- What to do -
Leave the pictures out and print, word for word, the lines below from the one with "Além da praticidade, o" through the final line.

- Raw data -
↓

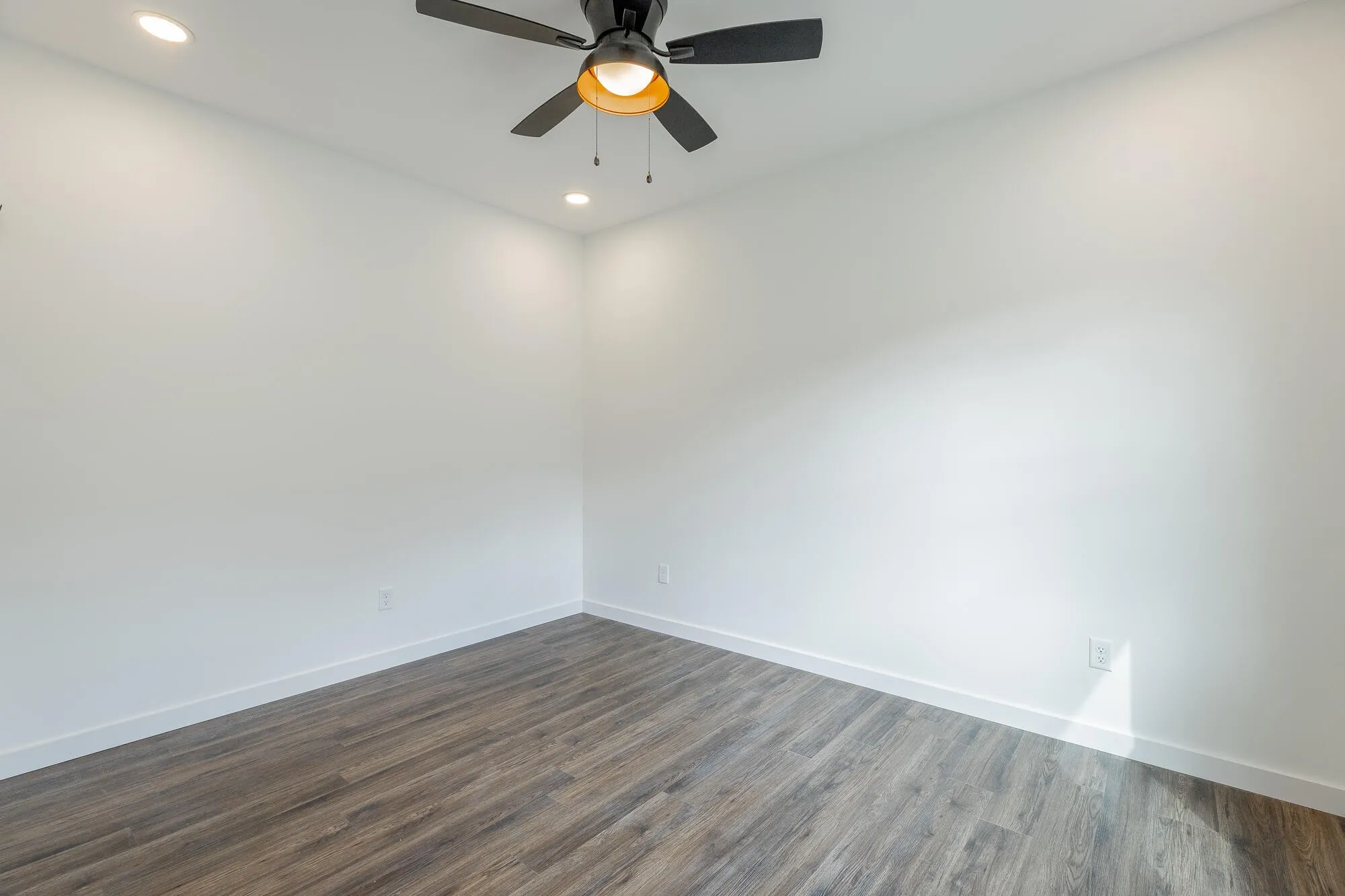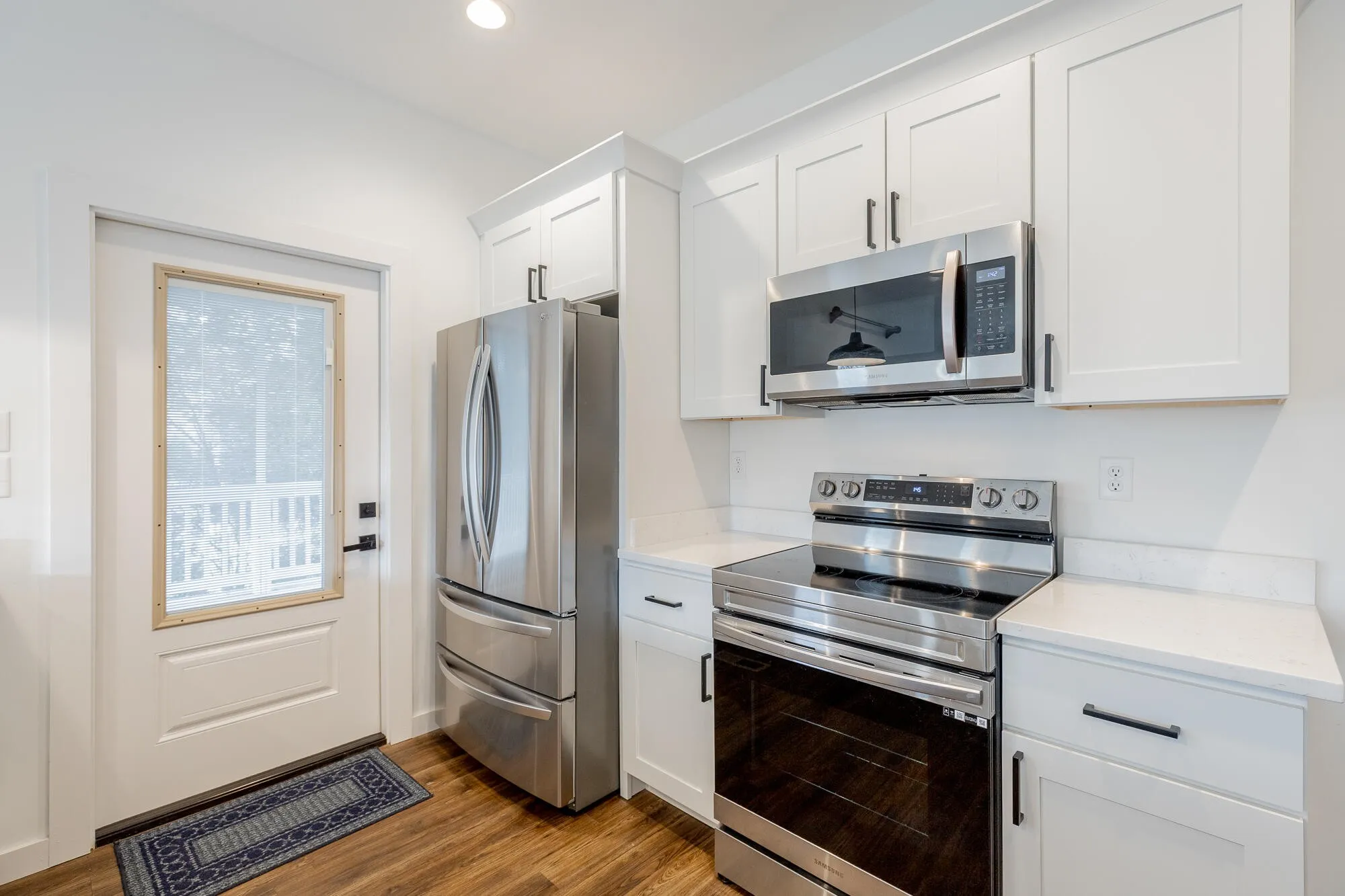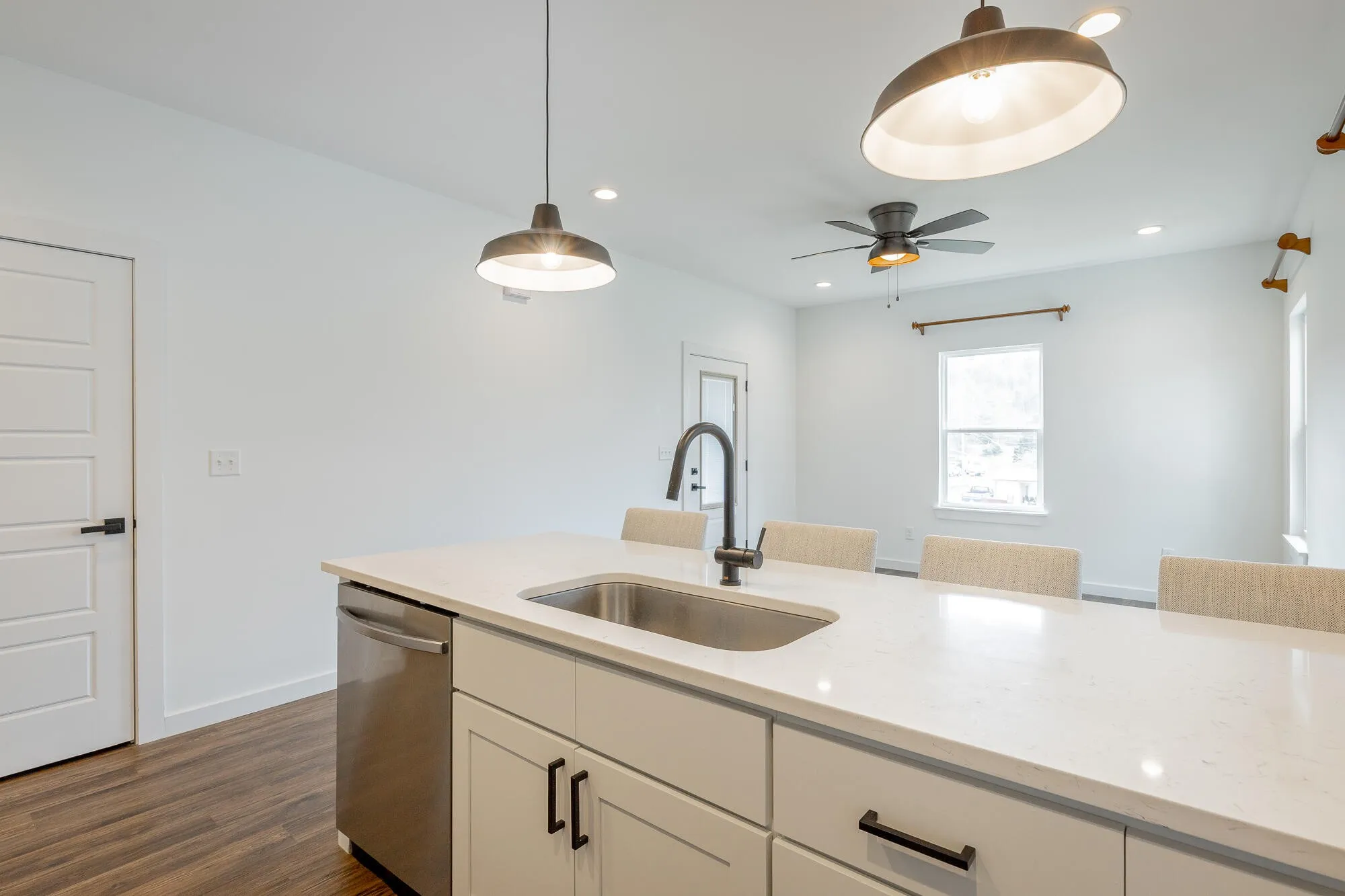 The kitchen overlooks the main living space and features quartz countertops and custom cabinetry, creating a functional and stylish heart of the home. Each bedroom is equipped with ceiling fans and additional recessed (canned) lighting, adding comfort and a thoughtful touch throughout.
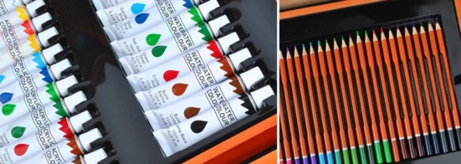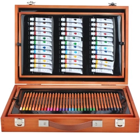 Verrijk je artistieke uitrusting met deze geweldige schilderkit met kleurpotloden, markers, aquarellen en olieverven. Krijg kwaliteit en duurzaamheid dankzij de stevige houten koffer met praktische handgreep en sluitingen voor gemakkelijk transport en veilige opslag. Ieder element heeft zijn plek, wat garandeert dat alles georganiseerd en klaar voor gebruik blijft.
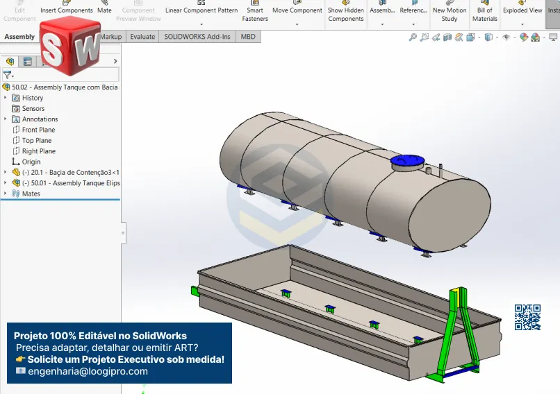 Além da praticidade, o projeto é entregue totalmente editável no SolidWorks, permitindo alterações geométricas, personalização de volume, espessuras e adaptação conforme as condições de operação e transporte.
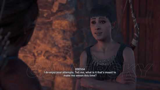 奥德萨是你会遇到的第一位可能伴侣人选。你会在凯法隆尼亚岛外头遇到她。奥德萨是奥德修斯的后裔,她到外头展开冒险并渴望闯出名堂。帮她接受自己的凯法隆尼亚岛血统,你就有机会再次于墨伽里斯对她伸出援手。一旦你完成所有与她相关的任务,你就有机会进一步认识奥德萨,甚至可以邀请她加入你的队伍。

↑

- Written response -
 Além da praticidade, o projeto é entregue totalmente editável no SolidWorks, permitindo alterações geométricas, personalização de volume, espessuras e adaptação conforme as condições de operação e transporte.
 奥德萨是你会遇到的第一位可能伴侣人选。你会在凯法隆尼亚岛外头遇到她。奥德萨是奥德修斯的后裔,她到外头展开冒险并渴望闯出名堂。帮她接受自己的凯法隆尼亚岛血统,你就有机会再次于墨伽里斯对她伸出援手。一旦你完成所有与她相关的任务,你就有机会进一步认识奥德萨,甚至可以邀请她加入你的队伍。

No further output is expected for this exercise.